Distinguishing Gas-Bearing Pay From Wet Zones On Logs

A petrophysicist confirms a gas-bearing interval by combining curves rather than trusting any single one. Neutron-density crossover flags the gas effect, but tight or shaly zones can mimic it, so resistivity is checked to confirm hydrocarbon (non-conductive) fluid and an Archie or simulation-based water saturation is computed to quantify gas-filled porosity. Photoelectric factor and sonic logs help rule out lithology artifacts. In WCSB Deep Basin tight gas such as the Falher and Cadomin, low porosity mutes the gas effect, so operators lean heavily on resistivity, mud-gas shows, and pressure data to call pay.

Gas-Bearing Reservoir Types In The WCSB

The basin hosts the full spectrum. Shallow Milk River and Medicine Hat sands produce dry biogenic gas at low pressure. The Deep Basin Spirit River and Cadomin are pervasively gas-bearing, basin-centred tight gas with no clear gas-water contact. The Montney and Duvernay are gas-bearing shales and siltstones producing liquids-rich gas via long horizontals and multistage fracturing. Mannville coals are gas-bearing through adsorption rather than free pore-space storage, releasing methane as reservoir pressure is lowered by dewatering, a fundamentally different storage mechanism.

Fast Facts

The gas effect that makes a gas-bearing zone visible on logs works because methane contains roughly a third the hydrogen density of water or oil per unit volume, so the neutron tool, which counts hydrogen, badly underreads porosity in gas while the density tool overreads it.

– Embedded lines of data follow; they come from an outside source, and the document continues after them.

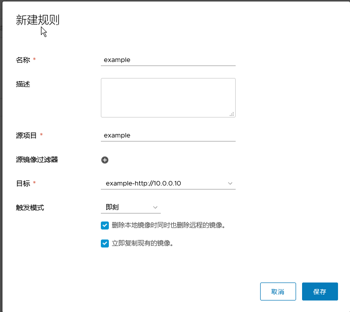 3.点击 复制管理>新建规则) ;由本机harbor向另一个harbor复制
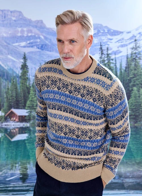 “Our jacquard jumper by James Pringle is the perfect way to elevate your wardrobe whilst keeping cosy. Smart and practical, it’s ideal for layering over your favourite shirt.”
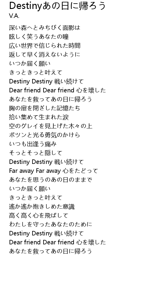 | [02:59.633] | Destiny Destiny 戦い続けて |

In coalbed methane the gas is not free at all but adsorbed onto the coal surface, and a single tonne of WCSB Mannville coal can hold several cubic metres of methane at reservoir pressure, more gas per unit volume than the same space as free gas at shallow depth.

A gas-bearing interval is one fluid state of a reservoir, the porous, permeable rock that stores and transmits hydrocarbons. Calling a zone gas-bearing depends on computing water saturation to prove gas occupies the pore space rather than formation water. Many gas-bearing WCSB plays, especially the Montney and Duvernay, are unlocked only through hydraulic fracturing, and the dissolved-gas case connects directly to the bubble point at which solution gas evolves into a free phase.

Real-World WCSB Scenario: Calling Gas Pay In A Deep Basin Falher Well

An operator drilling a Deep Basin well near Grande Prairie, Alberta, logged a Falher tight sandstone showing only a subtle neutron-density crossover because porosity averaged just 7 percent. Mud-gas readings, however, spiked to high total gas with a methane-dominated chromatograph signature across a 15 metre interval, and resistivity rose to roughly 40 ohm-m against a wet baseline near 5 ohm-m, together confirming a gas-bearing pay zone that the porosity logs alone had nearly masked.

The team perforated and completed the interval with a multistage hydraulic fracture treatment costing on the order of CAD 2.5 million, placing several hundred tonnes of proppant. The well delivered a stabilized gas rate that paid out within roughly 18 months at prevailing AECO pricing, illustrating why integrating mud-gas shows and resistivity, not just the muted gas effect, is essential to correctly identify low-porosity gas-bearing pay.